Single-payer healthcare is firmly supported by the left and centrists in America according to polling. But, it will never be instituted because the common approach to all government benefits for the people is entirely wrong and most often backward from our economic reality.
Despite numerous studies showing that Americans already pay enough via Medicare, Medicaid, VA, and various other programs to fund the entirety of our current healthcare system, politicians dodge the issue by insisting that additional taxation or premiums be levied to "pay for" a system that is cheaper and more effective than what we currently have. Doing so would be disastrous to our economy because single-payer is "deflationary", not a cost to the people.
I won't even get into the debate about whether taxes pay for the government and its programs at the federal level (hint; they don't). Instead, I would simply use the graph you presented showing the imbalance between Drs. and administrative staff. Most of those administrators would be forced into involuntary unemployment and need retraining and financial support until they could find suitable employment. We would owe them considerably more than what state unemployment programs pay and that would include retraining/education.
This number of potential unemployed people as a result of adopting a single-payer is estimated as high as one million by some fairly astute economists. Removing billions of dollars from the private sector isn't going to be an answer to such demand deficiency and would likely only make the need for financial support programs that much greater.

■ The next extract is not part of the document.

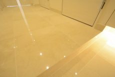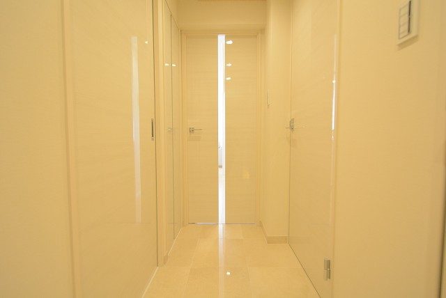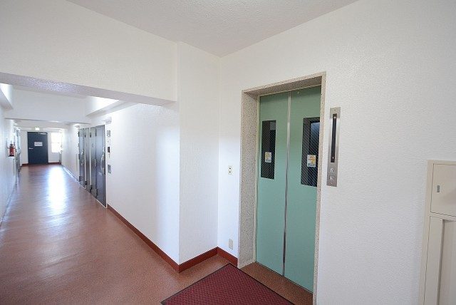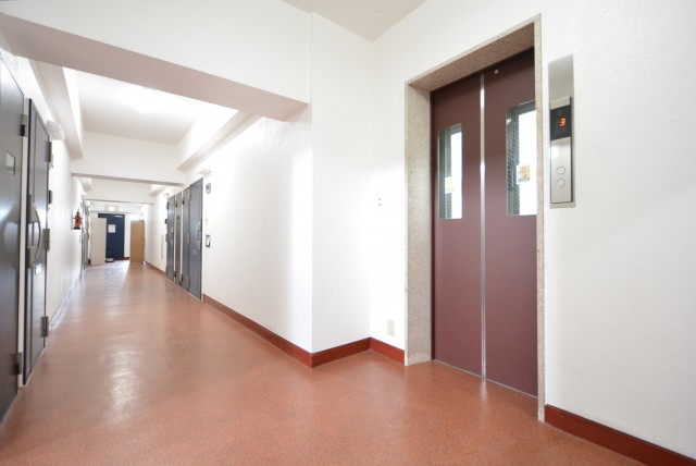 エレベーターを3階で降りて、静かな内廊下を進みます。内廊下は、雨風が激しくて玄関入る前にびしょ濡れなんて心配もありません。

In its zeal to be seen as "fiscally responsible", Congress would most likely "tighten its belt" to squeeze out money to "pay for" something that doesn't need to be paid for, and that number would be large enough to throw us into a deep recession before we knew how wrong they got it. If we stacked such lunacy on top of the current mistaken concept of higher interest rates to cure inflation currently accepted by our Fed, (they promise it will work this time and not just increase inequality as it has historically) we might skip right over the recession and go to full-blown depression.